Once you're done, here are a few thought questions (15 points total):

**3, 3 points) Suppose we are on the deterministic map where there is no sliding on ice, and performing value iteration until it converges.  Supposing 0 < DISCOUNT_FACTOR < 1, how does the policy change if the discount factor changes to another value in that range (or does the policy change at all)?  Why does that happen?  What happens to the policy if DISCOUNT_FACTOR = 1?**

Given that the discount is used to create a dimishing return in the the value of a given choice it made since that as decreased the discount value there where more and more values thet didn't recieve a path due to the value decreasing so low for values far from gold the paths where worth it to the program. Oddly enough I found that in policy_big when discount was 1.0 the program had no issue attemping to go through a pit to get to a reward

**4, 3 points) The value iteration MDP solver updates all squares an equal number of times.  The Q-learner does not.  Which squares might we expect the Q-learner to update the most?**

I expect the squares that are further from the reward squares to be the ones that get changed the most often as their values are more likely to change.

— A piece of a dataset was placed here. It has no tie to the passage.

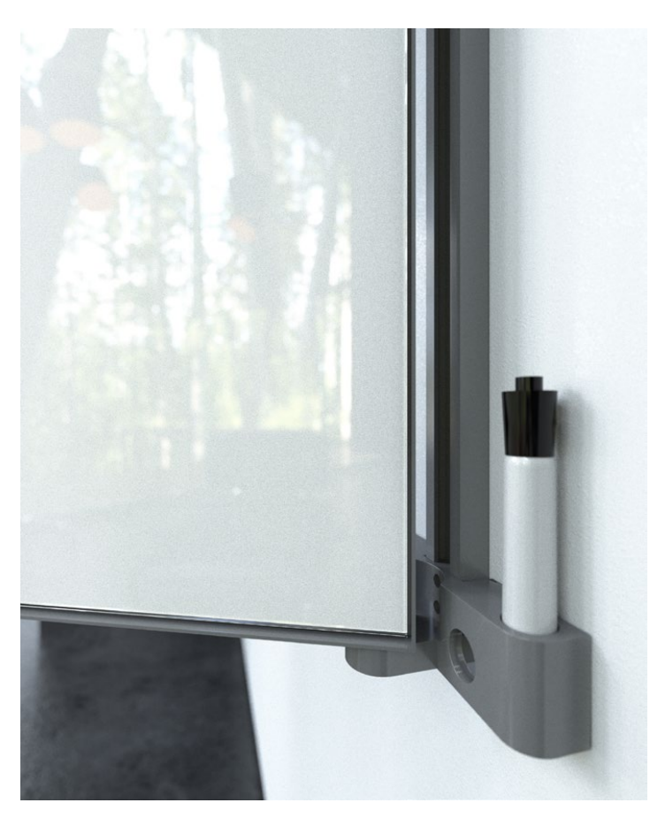
The patented design of Flip features self-leveling hardware and magnets. That means your board will fit snug to your wall, even if it is hung on an uneven surface.

**5, 9 points) Suppose we change the state information so that, instead of knowing its coordinates on the map, the agent instead knows just the locations of all rewards in a 5x5 square with the agent at the square center.  Thus, at the start of every run, it may not know exactly where it is, but it knows what is in the vicinity.  It also does not know the transition model.**

**a, 3 points) We can't use value iteration here.  Why?**

**b, 3 points) How many state-action combinations are possible, assuming the contents of the agent's own square don't matter?  Is a lookup table of Q-values feasible if we allocate memory for each possible state-action combination?  (Let's define "feasible" as "able to be stored in a gig or less of memory," assuming 64-bit values.)**

**c, 3 points) What is the most likely method that we would use to generalize in Q-learning from seen state-action combinations to situations that haven't been encountered before?**


**a) we can't use value iteration because value iteration stems on the fact that we know of all of the information about the given state to all the agent a path no matter where it starts

**b) given that know where the location of the agent is other than its adjancency to the reward the state there should be 25 given states in the 5X5 and with 4 actions that would mean 100 state action combinations. Thus i would believe that its completely feasible that it wouls be able to compute given i got big_test to run.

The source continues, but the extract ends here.